Prompt | Any picture must be dropped, but each line of the data should be duplicated exactly.
===== Data =====
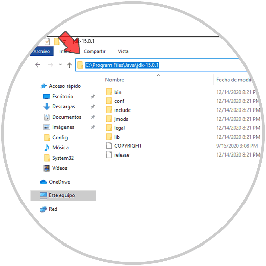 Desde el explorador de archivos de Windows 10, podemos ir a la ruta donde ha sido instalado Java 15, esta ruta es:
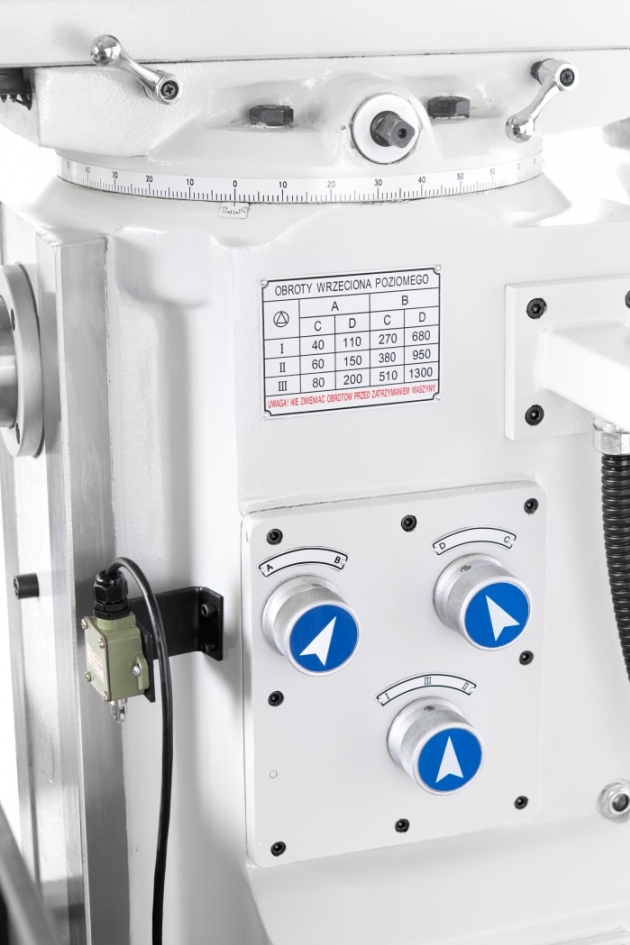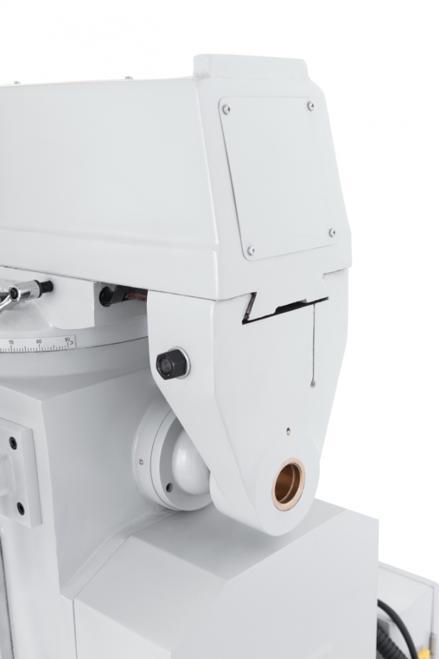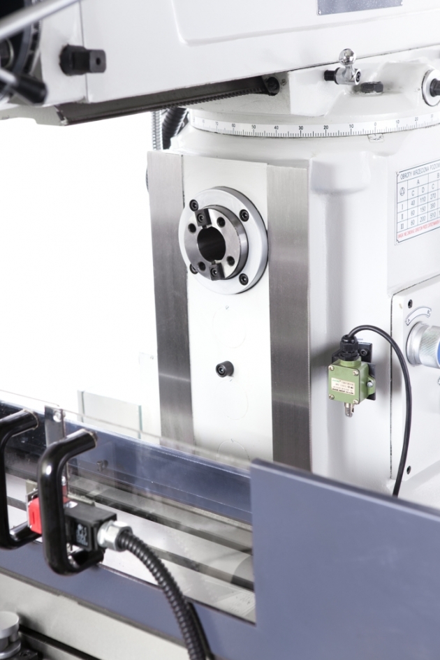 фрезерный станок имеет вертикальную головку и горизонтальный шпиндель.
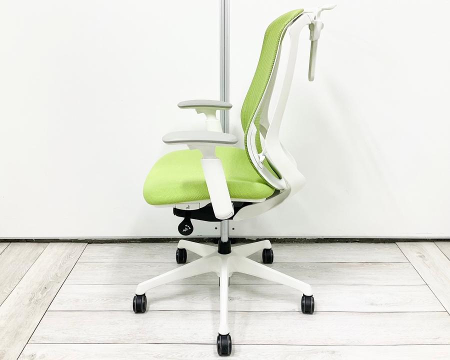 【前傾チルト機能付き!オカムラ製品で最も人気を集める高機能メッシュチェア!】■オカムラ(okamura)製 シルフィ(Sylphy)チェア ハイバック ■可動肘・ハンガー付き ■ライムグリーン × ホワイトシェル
=====
Expected answer |
 Desde el explorador de archivos de Windows 10, podemos ir a la ruta donde ha sido instalado Java 15, esta ruta es:
 фрезерный станок имеет вертикальную головку и горизонтальный шпиндель.
 【前傾チルト機能付き!オカムラ製品で最も人気を集める高機能メッシュチェア!】■オカムラ(okamura)製 シルフィ(Sylphy)チェア ハイバック ■可動肘・ハンガー付き ■ライムグリーン × ホワイトシェル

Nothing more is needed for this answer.